Speaker
Description
The X-ray Integral Field Unit (X-IFU) is an imaging spectrometer of 3,168 X-ray transition-edge sensors (TESs) under development for ESA’s Athena satellite mission. Our time-division SQUID multiplexing (TDM) architecture is a backup readout option for X-IFU. In TDM, each dc-biased TES is coupled to its own first-stage SQUID (SQ1). The SQ1s are turned on and off sequentially such that one TES at a time is read out per column. Recent work on the 3-column by 40-row scale has shown that TDM can meet all of X-IFU’s requirements, so the next challenge is to demonstrate TDM readout on a scale closer to the final array size. In this vein, we are developing a new 960-pixel readout platform (24 readout columns of 40 multiplexed rows) that is designed to screen X-IFU TES arrays and to develop and test 40-row TDM readout. When the system comes online in 2019, it will contain the largest multiplexed array of X-ray TESs built to date.

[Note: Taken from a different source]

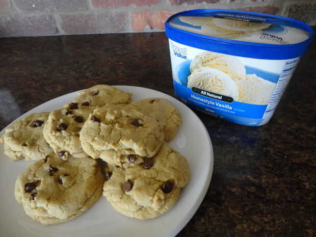 esta es una deliciosa fusión de helado y las galletas! Hecha simplemente por volcando un molde de muffin y hornear galletas sobre ella y luego nieve de helado para hacer un pastel de helado con la cáscara más grande siempre.Materiales necesarios:su h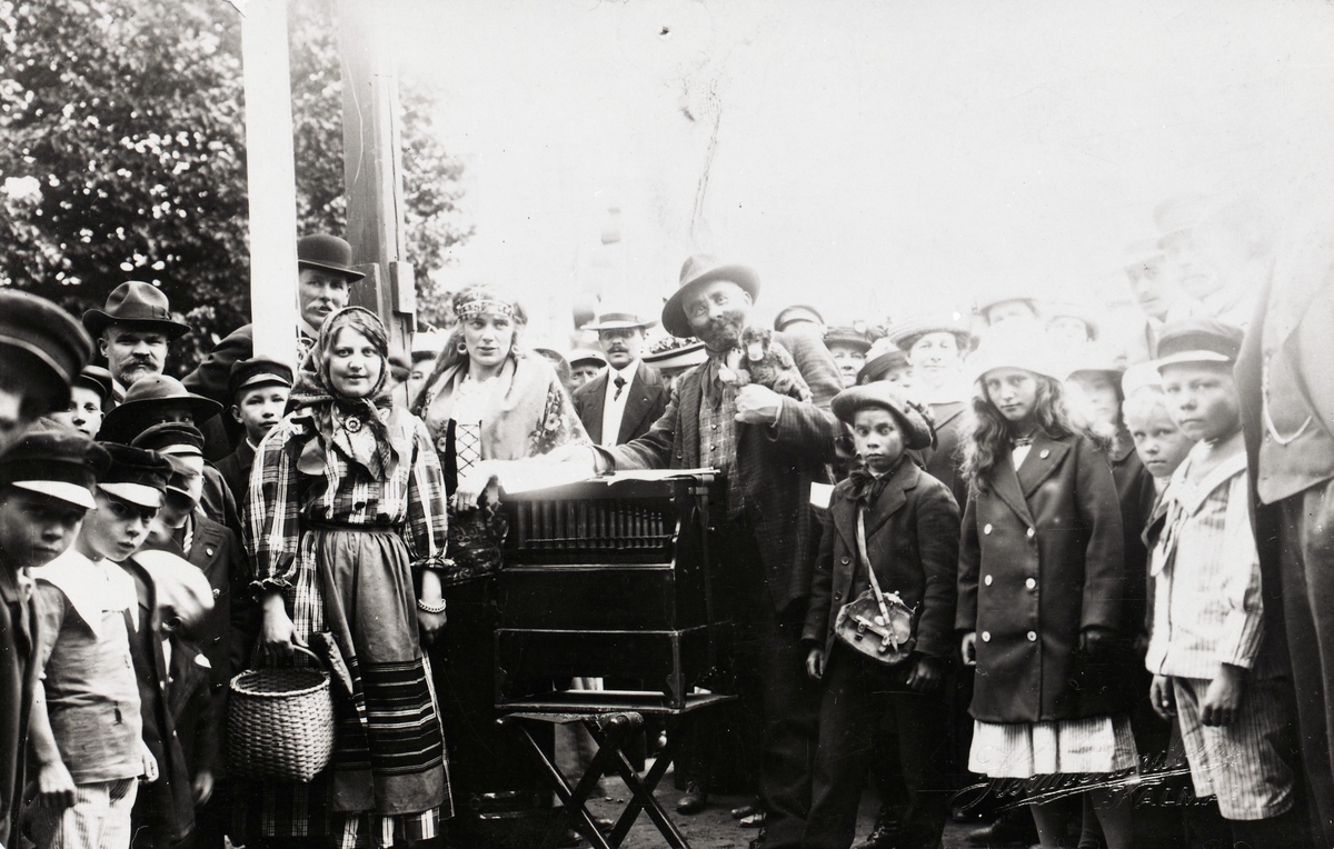 En positivhalare omgiven av åhörare under hantverksmässan som anordnades på Norrgård av Kalmar Fabriks- och Hantverksförening.

Also under consideration for X-IFU is a hybrid scheme of TDM and flux-summing code-division multiplexing (CDM) that we call “hybrid CDM.” In flux-summing CDM, each dc-biased TES is coupled to all SQ1s in the column with coupling polarities that form a row of a Hadamard matrix. CDM’s aliased system noise is a factor of $\surd{N_\rm{rows}}$ lower than TDM’s because in CDM all TESs are read out during all row periods. Our proposed hybrid-CDM scheme will allow a multiplexing factor of 64 with slightly lower readout noise than in 40-row TDM. A new row-addressing scheme, in which each SQ1 has a pair of flux-actuated switches, will allow operation of the 64 SQ1s per column with the 40 row-address lines available in the 24x40 platform.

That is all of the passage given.